Donc, cette année accueillait Louis Sclavis en invité d’honneur. Car le talentueux musicien que l’on sait avait eu l’autre honneur, originel, de participer en 1985 – presque trente ans ! – à une étrange cérémonie post-surréaliste, celle dite du « Labour fou ». En d’autres termes, un concours de labour, avec de vrais paysans et de vrais tracteurs dans de vrais champs avec de la vraie terre. Sauf que cette fois-là, nos jeunes agriculteurs hauts-provençaux en avaient ras la casquette de leur image de ploucs conservés dans des bocaux à cornichons, et qu’on ressort à pleines moustaches dans les pubs télé pour vendre du « vrai » from’ moulé à la louche, etc. Ils étaient jeunes, ouverts sur le monde d’après 68, pattes d’eph’ le dimanche et tout. Du jazz, ils avaient eu vent, enfin peut-être. Ils étaient syndiqués « CDJA », pas trop loin de papa, pas anars, ah non : « jeunes agriculteurs », des types qui allaient se taper la PAC de plein front et déverser leurs tombereaux de patates ou de fumier devant les préfectures.

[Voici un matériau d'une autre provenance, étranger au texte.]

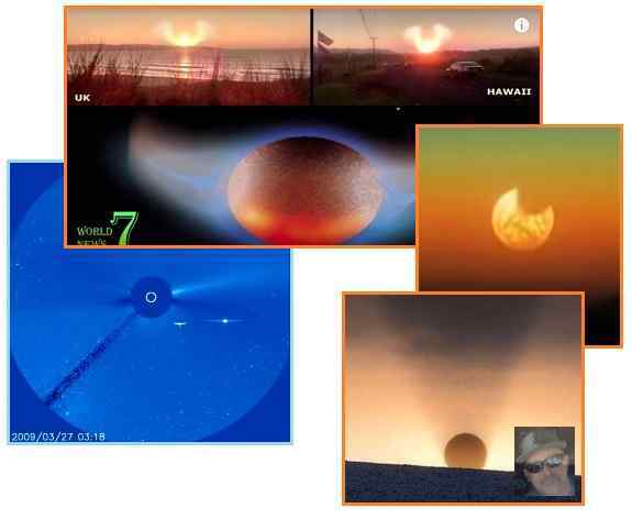 Por qué podría el Sol tener una sombra en la parte superior, pero no en el fondo de cualquiera de sus lados? La actual posición de Nibiru y las Lunas Danzantes en la flameante cola de Nibiru, al ser vistos desde el Hemisferio Norte de la Tierra, tiene a Nibiru y a sus cohortes en la parte inferior derecha, y a la cola flameando hacia la izquierda y luego hacia la parte superior izquierda. Normalmente, no hay nada allí arriba, en la parte alta. No es tanto que haya allí una sombra en la parte de arriba del Sol, puesto que hay más luz extra en los costados y en el fondo !!! Muchos han notado, desde que Nibiru ingresó al sistema solar interior en 2003, que la luz solar ahora causa quemaduras solares con mayor facilidad, y que el Sol pareciera estar tan extremadamente brillante. Es la luz reflejada, que rebota a través de la vasta cola de Nibiru

La folie là-dedans consista à introduire de l’étrange dans le labour : jusqu’en pleine nuit et pleins phares… sillons pas droits, des ronds et des triangles ; des artistes tout autour, plasticiens eux-mêmes peinturlurés en bleu ; et pour couronner le tout, des musiciens de la pire engeance : des jazzeux ! On a revu tout ça, samedi matin, salle de la mairie avec des témoins d’alors, des photos agrandies, des coupures de presse, et un reportage de trois minutes prêté par l’INA à partir de la télé de l’époque.

Entre-temps, le monde agricole s’est amaigri de plus de la moitié, passant de 800 000 à 360 000 « exploitations ». Alors maintenant, les concours de labour, quand il y en a un par an et par département, c’est déjà miraculeux. Tout comme est miracle, admettons, ce « Jazz Agricole Day ». Une journée à part, une sorte d’Ascension profane, façon Coltrane. Même l’église s’ouvre aux non-paroissiens pour ce mémorable duo d’impro totale entre Sclavis et Imbert, clarinettes et sax mêlés, ébats amoureux, râles, couinements, soupirs, j’en passe.

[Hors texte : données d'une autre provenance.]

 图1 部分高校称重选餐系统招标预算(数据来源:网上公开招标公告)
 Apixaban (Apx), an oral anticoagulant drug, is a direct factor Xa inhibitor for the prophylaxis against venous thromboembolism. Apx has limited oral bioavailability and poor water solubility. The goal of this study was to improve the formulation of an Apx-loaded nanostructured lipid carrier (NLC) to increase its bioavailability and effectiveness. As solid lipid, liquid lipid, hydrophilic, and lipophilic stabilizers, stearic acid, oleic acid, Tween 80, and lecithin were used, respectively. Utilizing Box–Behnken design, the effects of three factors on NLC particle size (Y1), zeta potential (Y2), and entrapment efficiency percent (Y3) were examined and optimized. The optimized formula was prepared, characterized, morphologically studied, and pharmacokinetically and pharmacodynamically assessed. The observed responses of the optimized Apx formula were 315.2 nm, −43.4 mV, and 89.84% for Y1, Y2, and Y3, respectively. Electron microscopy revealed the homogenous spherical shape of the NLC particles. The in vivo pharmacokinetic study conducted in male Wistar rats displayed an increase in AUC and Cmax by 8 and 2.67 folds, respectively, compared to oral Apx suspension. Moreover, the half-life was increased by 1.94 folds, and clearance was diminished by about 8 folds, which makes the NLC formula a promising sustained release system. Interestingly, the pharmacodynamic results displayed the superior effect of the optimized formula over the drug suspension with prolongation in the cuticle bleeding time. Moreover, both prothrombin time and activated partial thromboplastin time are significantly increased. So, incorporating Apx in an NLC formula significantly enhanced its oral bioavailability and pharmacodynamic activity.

Louis Sclavis, Raphaël Imbert © Ph. JAD

Avant, il y avait eu le pique-nique au bout du chemin, sous les chênes et leurs vertes chenilles, cigales à la rythmique aux côtés du jeune Imbert, au pied de son sillon. Après, tournoi de pétanque, on ne rigole plus. Et le jazz toujours, entre potes de tel atelier. Jusqu’au Grand Concert donné cour de l’école par Louis Sclavis et son trio Atlas : Benjamin Moussay (p, cla), Vincent Courtois (cello). Et le coq du voisin (voc).

B. Moussay, V. Courtois, L. Sclavis © Ph. JAD

Atlas, comme le livre à voyager sur place, à rêver, à imaginer. Quatre garçons dans le vent des tilleuls et marronniers, avec leurs airs relevés au lavandin, un jazz de rêve, mêlé d’audace et de tendresse, cette musique qui ne se laisse pas raconter, qui chante aux étoiles.

D’ailleurs, était aussi annoncé le fameux « lâcher d’étoiles » depuis l’observatoire en haut de la colline. Mais seulement pour ceux qui auraient survécu au dîner sur la place et, surtout, au « Patriot Jazz Bal », autrement dit une guinche bien encanaillée, enchaînant sans barguigner « My Favorite Things » (J. Coltrane - R. Imbert, ss) et « Indifférence » (T. Murena - C. Lampidecchia, acc).

Bref, il est prudent de réserver pour 2014.